De enquêteprocedure (artikel 2:345 BW) is een bijzondere civiele procedure om onderzoek in te stellen naar de gang van zaken en het beleid binnen een bedrijf. Deze mogelijkheid is in het leven geroepen om geschillen binnen ondernemingen op te lossen. Het kan dan gaan om conflicten tussen aandeelhouders, maar ook om gesteld wanbeleid van bestuurders. Op basis van de wet hebben slechts bepaalde entiteiten de bevoegdheid om een enquête – een onderzoek – te verzoeken. Dat zijn bijvoorbeeld aandeelhouders van een NV of een BV die aan bepaalde eisen voldoen of de vennootschap zelf. Maar ook het Openbaar Ministerie kan om een enquête verzoeken in het kader van het algemeen belang. En inmiddels is duidelijk dat het OM die route niet schuwt.
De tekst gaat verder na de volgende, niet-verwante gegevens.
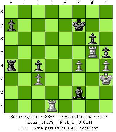 Last move : 1-0 2015 April 13 15:30:4 [Event "FICGS__CHESS__RAPID_E__000141"] [Site "FICGS"] [Date "2014.12.27"] [Round "1"] [White "Belaz,Egidio"] [Black "Benone,Mateia"] [Result "1-0"] [WhiteElo "1238"] [BlackElo "1041"] 1.e4 c5 2.Nf3 Nc6 3.Bc4 Nf6 4.Nc3 g6 5.Ng5 e6 6.O-O Bg7 7.d3 O-O 8.Re1 d5 9.exd5 exd5 10.Bb3 Bg4 11.Ne2 b5 12.f3 Bd7 13.c3 c4 14.dxc4 dxc4 15.Bc2 h6 16.Ne4 Nxe4 17.Bxe4 Rc8 18.Qd5 Qb6+ 19.Kh1 Be6 20.Qd2 Rfd8 21.Qc2 Ne5 22.Nf4 f5 23.Nxe6 Qxe6 24.Bf4 fxe4 25.Rxe4 Qf5 26.Bxe5 Bxe5 27.Rae1 Bf6 28.Qc1 Bg5 29.Qc2 Rd2 30.Qb1 Rcd8 31.b3 Qc5 32.bxc4 Qf2 33.Rg1 Rb2 34.Qf1 Qxf1 35.Rxf1 R8d2 36.Rg1 bxc4 37.a4 Bf6 38.Re3 Bd8 39.h3 Bh4 40.Re4 Bf2 41.Rf1 Bc5 42.Rg4 Kf7 43.h4 Bb6 44.Kh2 h5 45.Rg5 Ra2 46.f4 Rf2 47.Rd1 Rxf4 48.Kh3 Bf2 49.g3 Rxa4 50.gxf4 1-0 Sicilian defense Kingside Castling by player White (move 6) Kingside Castling by player Black (move 7) Player White won this chess game. Follow this game move after move (download)During a Chess competition a Chessmaster should be a combination of a beast of prey and a monk. (Alexander Alekhine) Smyslow ist ein Beweis dafür, dass ich noch zehn Jahre spielen kann! [der 75 jährige über den 85 jährigen] (Viktor Kortschnoi) El Ajedrez es una guerra en un tablero. El objetivo es aplastar la mente del oponente. (Bobby Fischer) Donnez-moi un Cavalier en 6e et je gagnerais toutes mes parties. (Steinitz) Big Chess is a place for big hallucinations. (Thibault de Vassal)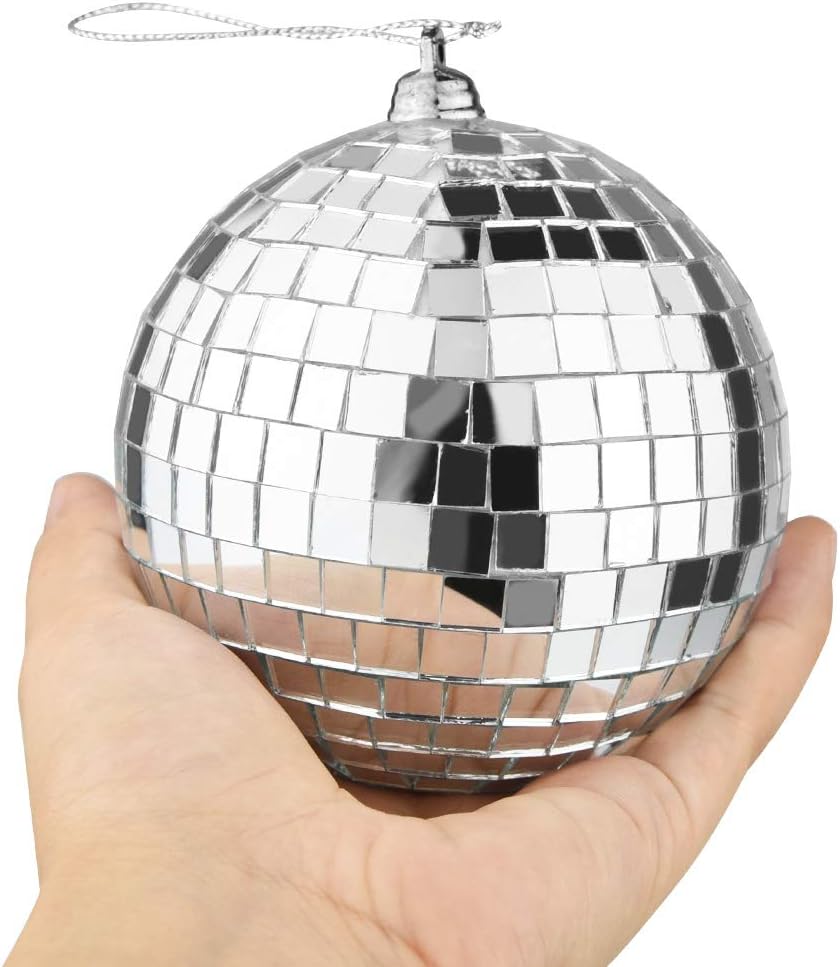2 Pieces Disco Mirror Balls Silver Hanging Ball for 50s 60s 70s Disco DJ Light Effect Party Home Decoration Stage Props Festivals Party Favors and Supplies 4 Inch (4inch, Silver)

Een enquêteprocedure kan een effectieve manier zijn om het beleid binnen een onderneming te laten onderzoeken en een oplossing te forceren voor geschillen of andere problemen. Het voordeel van een dergelijke procedure bij de Ondernemingskamer is dat deze ervaring heeft met complexe zaken. Zaken worden in de regel snel afgehandeld en de Ondernemingskamer durft stevige uitspraken te doen. Zo komt het voor dat de Ondernemingskamer bestuurders of commissarissen schorst of ontslaat. Maar het is ook mogelijk dat een tijdelijke bestuurder of commissaris wordt aangesteld of dat reglementen buiten werking worden gesteld.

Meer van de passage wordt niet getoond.